→ YOUR OBJECTIVE
Your copy of the data should match it exactly, leaving out only the pictures.

→ DATA SECTION
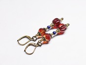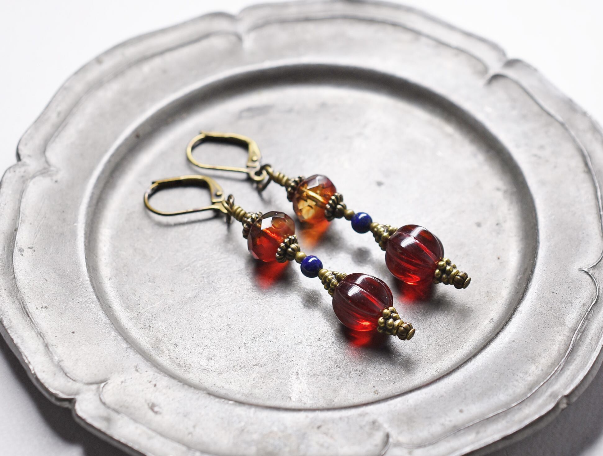 真っ赤なドイツヴィンテージビーズとチェコビーズ、ラピスのピアス
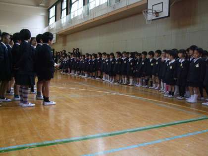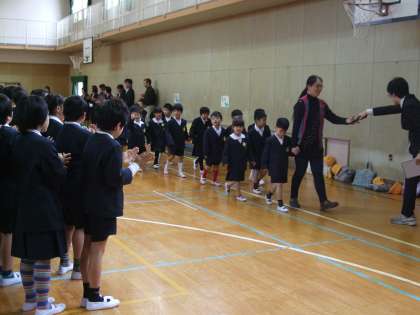 1年生がお兄さん・お姉さんの前に並び、大きな声で「よろしくおねがいします」と元気な声であいさつをしていました。
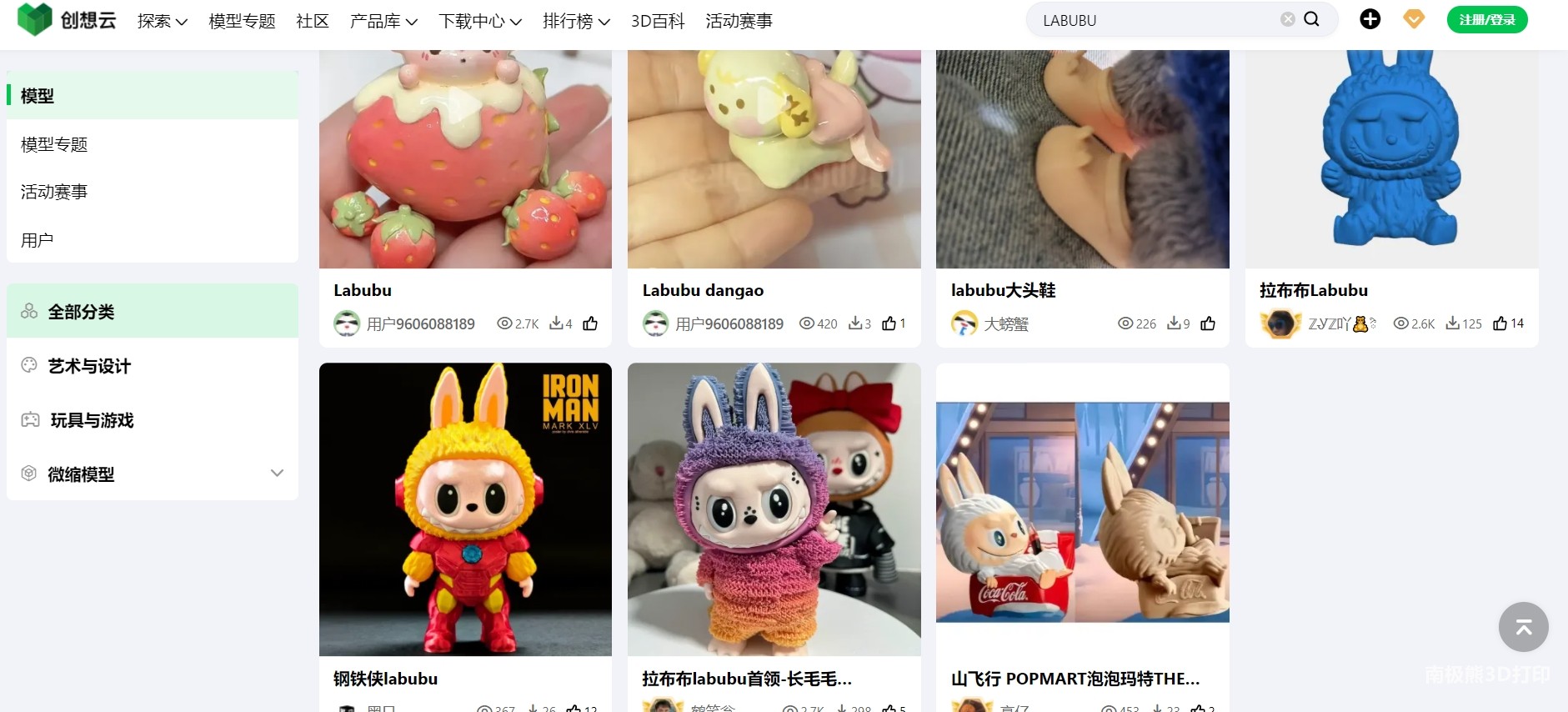 在MakerWorld、Cults3D、创想云等平台,LABUBU模型下载量飙升。

→ EXPECTED ANSWER
 真っ赤なドイツヴィンテージビーズとチェコビーズ、ラピスのピアス
 1年生がお兄さん・お姉さんの前に並び、大きな声で「よろしくおねがいします」と元気な声であいさつをしていました。
 在MakerWorld、Cults3D、创想云等平台,LABUBU模型下载量飙升。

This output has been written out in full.